Jeffrey Ding – Resident Policy Wonk

Written by Jeffrey Ding, undergraduate at the University of Iowa

As the resident policy wonk of Economics Forum (mostly due to my lack of technical knowledge in finance rather than any particular expertise in politics), I will be contributing articles at the margin (see what I did there?) of politics and the economy. But in some ways, it’s not a margin at all. It’s just one big blob, and there’s different ways of viewing that blob. One way to view that blob: all economics is political.


Trade policy sits at the intersection of politics and economics. On the one hand, economic models and theories – from Ricardo to Heckscher-Ohlin –seem to generally conclude that free trade results in overall gains for the countries involved. But for political scientists, protectionism seems like the reasonable norm so as to protect domestic factors and the electorate. Then one would predict an impasse, or a pendulum that swings back and forth over time, and one would be right for much of history. Yet, for the past 30 years, the overwhelming trend in trade policy has been the widespread liberalization of trade policies, resulting in economic interdependence with even more widespread effects on the part of both the global economy and global politics.[1] Milner argues for an explanation based on democratization and internationalism, but others offer a more cynical view.
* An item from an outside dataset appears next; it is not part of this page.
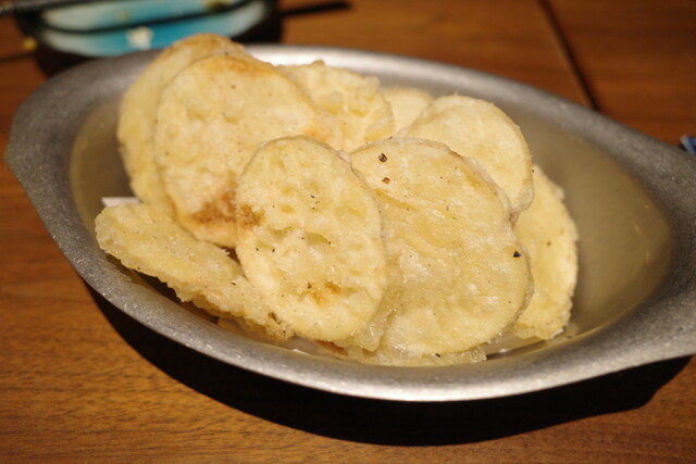 辛子れんこん、何気に食べたの初めてかも…!揚げたてでサックサクで美味しい。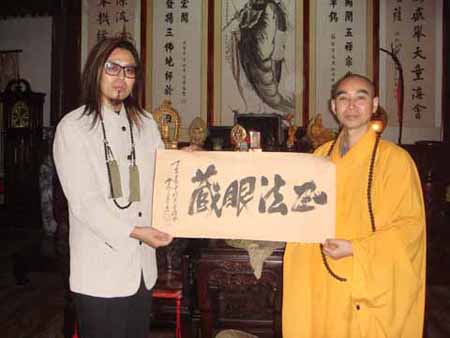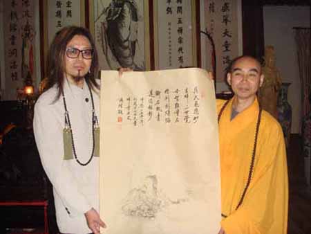 10月17日晚,天童禅寺方丈诚信法师在方丈室接待了日本著名画家七类堂墨吞先生。墨吞先生是明代日本画僧雪舟禅师的第十七代弟子,去年曾拜访天童禅寺。

Giovanni Facchini from the University of Illinois at Urbana-Chamapaign writes in an article, entitled, “The Political Economy of International Trade and Factor Mobility”:


In turning our attention more specifically to the distortions which arise in international trade, we have noticed the emergence of a paradigm, in which trade policy is modelled as the result of influence driven contributions by organized groups. Although this framework faces some theoretical challenges, it has found strong and robust evidence in the empirical tests performed so far, conducted using both US and international data.
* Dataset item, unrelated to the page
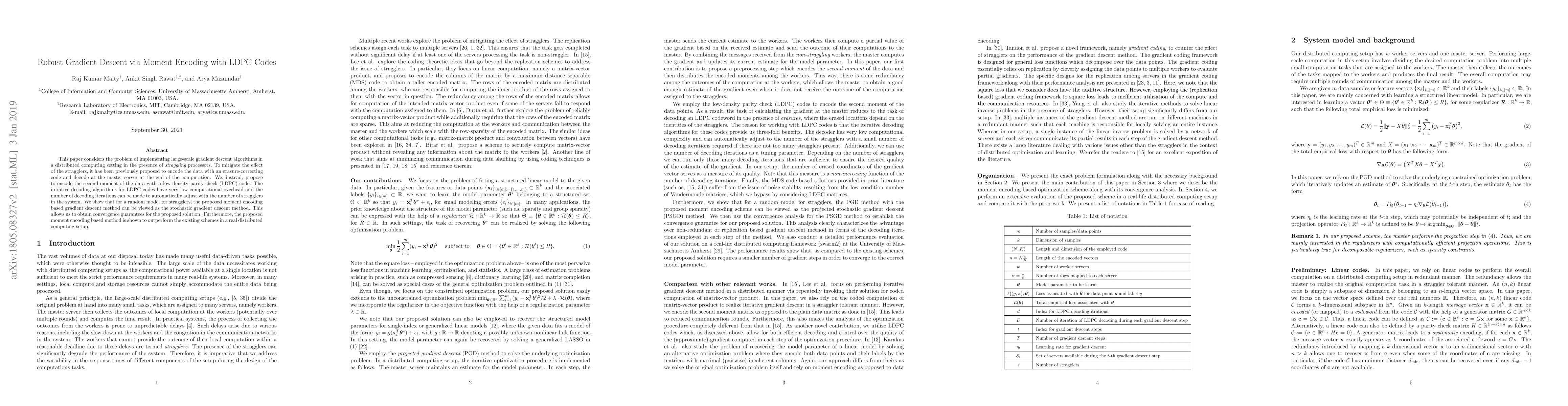This paper considers the problem of implementing large-scale gradient descent algorithms in a distributed computing setting in the presence of {\em straggling} processors. To mitigate the effect of the stragglers, it has been previously proposed to encode the data with an erasure-correcting code and decode at the master server at the end of the computation. We, instead, propose to encode the second-moment of the data with a low density parity-check (LDPC) code. The iterative decoding algorithms for LDPC codes have very low computational overhead and the number of decoding iterations can be made to automatically adjust with the number of stragglers in the system. We show that for a random model for stragglers, the proposed moment encoding based gradient descent method can be viewed as the stochastic gradient descent method. This allows us to obtain convergence guarantees for the proposed solution. Furthermore, the proposed moment encoding based method is shown to outperform the existing schemes in a real distributed computing setup.

The role of influence driven contributions is especially noticeable in a post-Citizens United World. Organized interest groups donate exorbitant amounts, often to both candidates, in an election to buy influence. Grossman and Helpman (1996), who wrote the seminal paper on the subject, argue that these interest groups continue to lobby after the election in order to influence policy choices.


With this background context, let’s examine the hot button trade issue at the moment – the Trans-Pacific Partnership (TPP). The difficulty of examining the explanations behind the TPP is that negotiations are being kept secret to the public, but not to the 600 lobbyists who are involved in the TPP negotiating process as “corporate trade advisors”. Leaked texts show key tenets – expanded patent rights for pharmaceutical companies and private enforcement actions which would allow corporations to sue governments for regulations – would serve the interests of corporate entities.[2] These “gains from trade” may end up as a net disservice to the general population. Recent estimates show the total U.S. economic gains from the TPP may only be .13% of GDP by 2025. The Center for Economic and Policy Research has found the median wage earner will probably lose as a result of the TPP, while those with the highest wages will gain more as they are more protected from international competition and gain from the expansion of terms and enforcement of copyrights and patents. [3]


I’ll be back with more, but that’s a little aperitif in the meantime; and keep in mind, for the sake of my role here, that all economics is political.